日産 ローレル

【施工メニュー】カーコーティングtypeA

 

【色】シルバー

 

【保管状況】屋外

今回のカーコーティング施工車は日産ローレル。もう20年前の車両ですが、ローレルと言えば往年の日産を代表する車の一つでありましたね。

 

また、この時代のFR(後輪駆動車)は直6エンジンかつ、パワフル。車造りには当時のエンジニアの意気込みが車全体に伝わっているイメージがあります。

「ヘッドライトをコーティングして欲しい」

これが最初、お立ち寄りになった時に言葉でした。
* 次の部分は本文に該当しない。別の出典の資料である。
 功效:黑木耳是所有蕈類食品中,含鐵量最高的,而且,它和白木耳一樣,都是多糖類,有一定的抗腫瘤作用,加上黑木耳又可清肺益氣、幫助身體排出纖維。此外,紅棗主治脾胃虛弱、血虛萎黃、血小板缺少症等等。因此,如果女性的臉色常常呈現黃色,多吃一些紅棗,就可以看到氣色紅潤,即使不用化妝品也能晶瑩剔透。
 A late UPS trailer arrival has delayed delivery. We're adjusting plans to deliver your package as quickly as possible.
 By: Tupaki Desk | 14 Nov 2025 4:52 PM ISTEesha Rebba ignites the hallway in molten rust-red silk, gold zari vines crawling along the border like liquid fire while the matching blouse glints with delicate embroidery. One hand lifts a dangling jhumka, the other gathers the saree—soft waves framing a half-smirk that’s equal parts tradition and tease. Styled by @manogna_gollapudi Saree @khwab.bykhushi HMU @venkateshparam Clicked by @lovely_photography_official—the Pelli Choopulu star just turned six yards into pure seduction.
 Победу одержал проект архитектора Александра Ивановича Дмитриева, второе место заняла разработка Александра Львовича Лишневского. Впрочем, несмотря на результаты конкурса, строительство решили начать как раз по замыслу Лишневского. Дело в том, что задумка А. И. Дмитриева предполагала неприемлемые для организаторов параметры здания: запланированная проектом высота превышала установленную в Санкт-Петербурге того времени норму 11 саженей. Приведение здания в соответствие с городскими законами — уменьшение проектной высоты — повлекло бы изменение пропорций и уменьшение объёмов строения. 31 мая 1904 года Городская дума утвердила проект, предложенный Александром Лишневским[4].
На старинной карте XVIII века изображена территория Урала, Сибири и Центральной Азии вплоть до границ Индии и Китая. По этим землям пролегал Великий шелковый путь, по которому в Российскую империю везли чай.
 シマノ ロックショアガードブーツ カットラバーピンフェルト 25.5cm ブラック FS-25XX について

また、中古車のローレルを購入したばかりとの事で、特にヘッドライトを大切に維持したい意向があった様です。

 

施工前の状態


こちらのローレルは年式を考えても、塗装コンディション自体は素晴らしく、特徴としては「硬い塗装の部類」です。

※研磨圧傷消しのテストにて分かります。

 

ボディー全体には深めの傷が数か所あり、またボンネット、ルーフには強いクレーター(スポット)が付着しており、これらは長い年月をかけて直射日光とスケールの付着で、ボディーに染み付いているような状態でした。

 

こうなりますと、容易くクリーナーや研磨で取れるものではありません。

施工開始


まずは洗車、ホイールから各箇所、ボンネット内の際からドアヒンジ、トランク内の際と隅々を洗浄していきます。
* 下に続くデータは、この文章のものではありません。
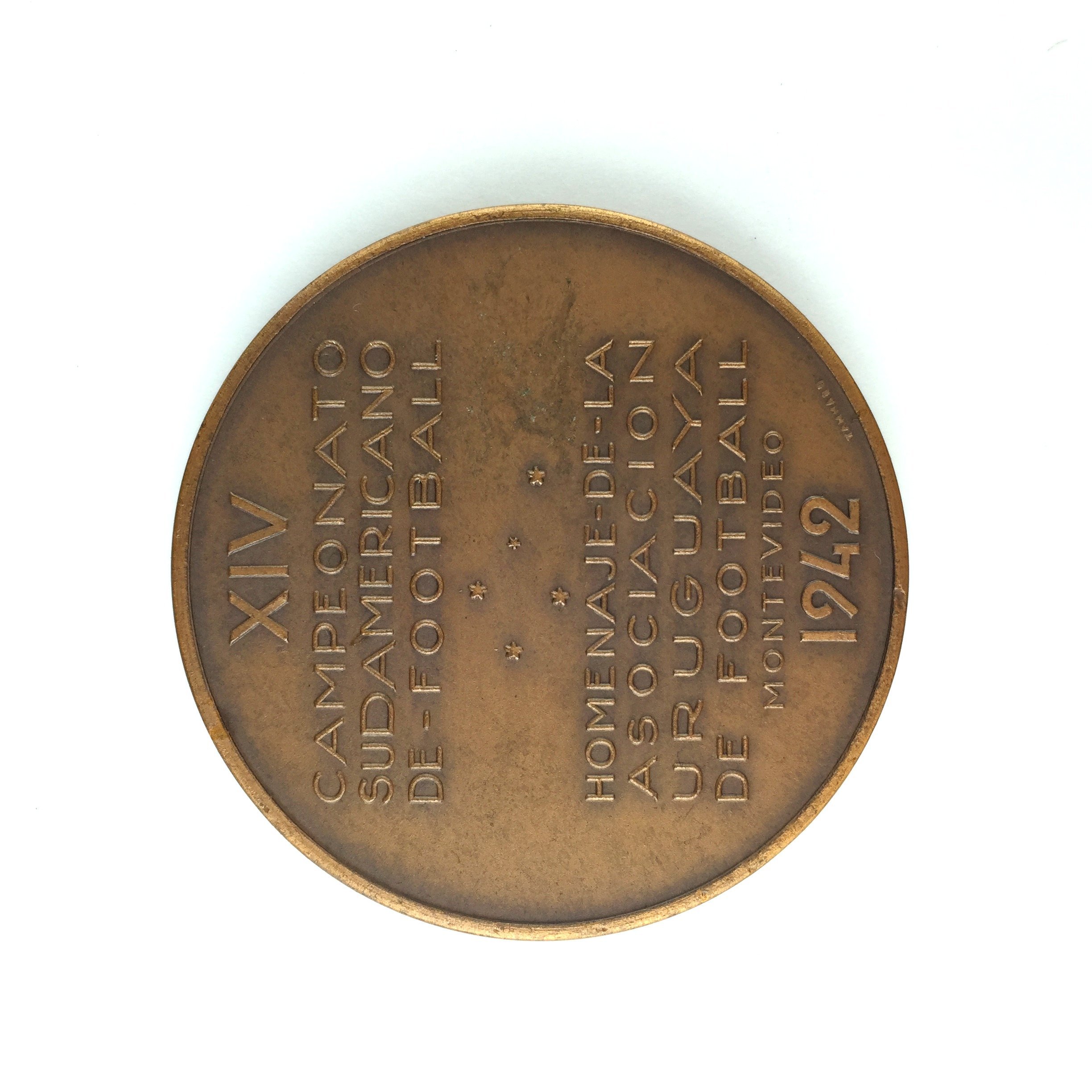 Medalla en bronce realizada en 1942 por la AUF en homenaje al XIV Campeonato Sudamericano de Fútbol. «América cumplirá su destino.» Realizada por Tammaro.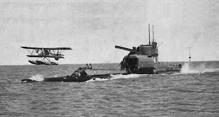 Nessas circunstâncias já só passava a fazer algum sentido incluir aeronaves nos submarinos de maiores dimensões, como era o caso do grande Surcouf francês de 1934 (3.300 toneladas de deslocamento, acima) ou então a gigantesca classe I-400 japonesa (6.600 toneladas) transportando três hidroaviões. Os problemas irresolúveis é que os grandes submarinos eram maus submarinos, lentos a submergir, e o emprego dos hidroaviões limitado, porque se precisava de mar calmo para amararem.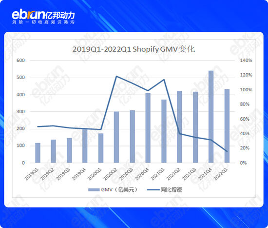 2、Shopify:总营收同比增长22%,GMV同比增长16%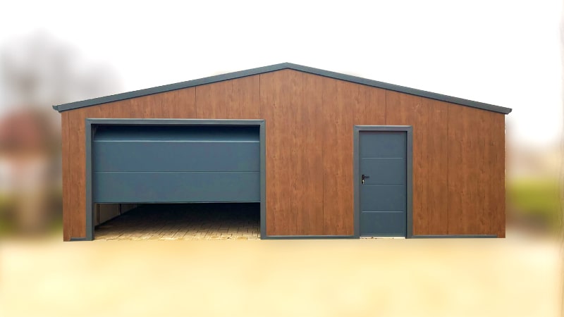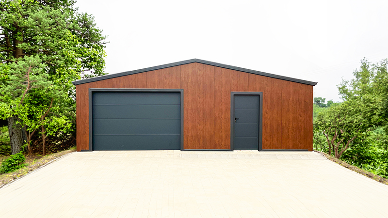 • 8x6m-es delux szigetelt mobilgarázs, sötét diófa falakkal, nyeregtetővel, antracitszürke szekcionált kapuval és ajtóval, szegélyekkel, ereszcsatonával, horganyzott vázszerkezettel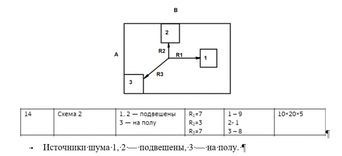 указанном расположении расчетной точки относительно источников шума, габаритных размерах

この作業では、単に洗浄するだけではなく、隙間等に詰まっている油分を徹底的に取り除いていきます。

そして洗浄後に、スケール(無機質)除去作業を車のガラス以外の場所に施していきます。

 

 

このスケール除去作業は、何度も何度も塗布して行う事で、のちの仕上がりに影響して来ます。

 

そして、次に同じ手法で有機質除去し、油分が徐々に取れ始め、全体がスッキリした状態になります。

 

 

これらの作業は研磨前に必ず行い、約3日間丸々かかる作業です。

磨きを入れる前に、このような下地手順をすることで完全にボディーを素の状態にしてあげることで、普段の洗車もスムーズに行うことが可能となります。

【研磨前のマスキング】

 

 

僕らは、コーティングをする際に下地処理として「研磨」を行うのですが、その重要な面で最初に確かめる事があります。

通常はカラーがソリッドかパールか等を考える技術者の方もいらっしゃいますが、最初の時点で、「塗装の硬さ」をまず確かめます。

最初に行う、初期の研磨前に必ずテストし、傷を消しながら、塗装硬さを確かめる事が非常に大切です。 

 

通常、磨く工程では加圧と技術がありますが、最初から力任せで、この加圧はよくありません。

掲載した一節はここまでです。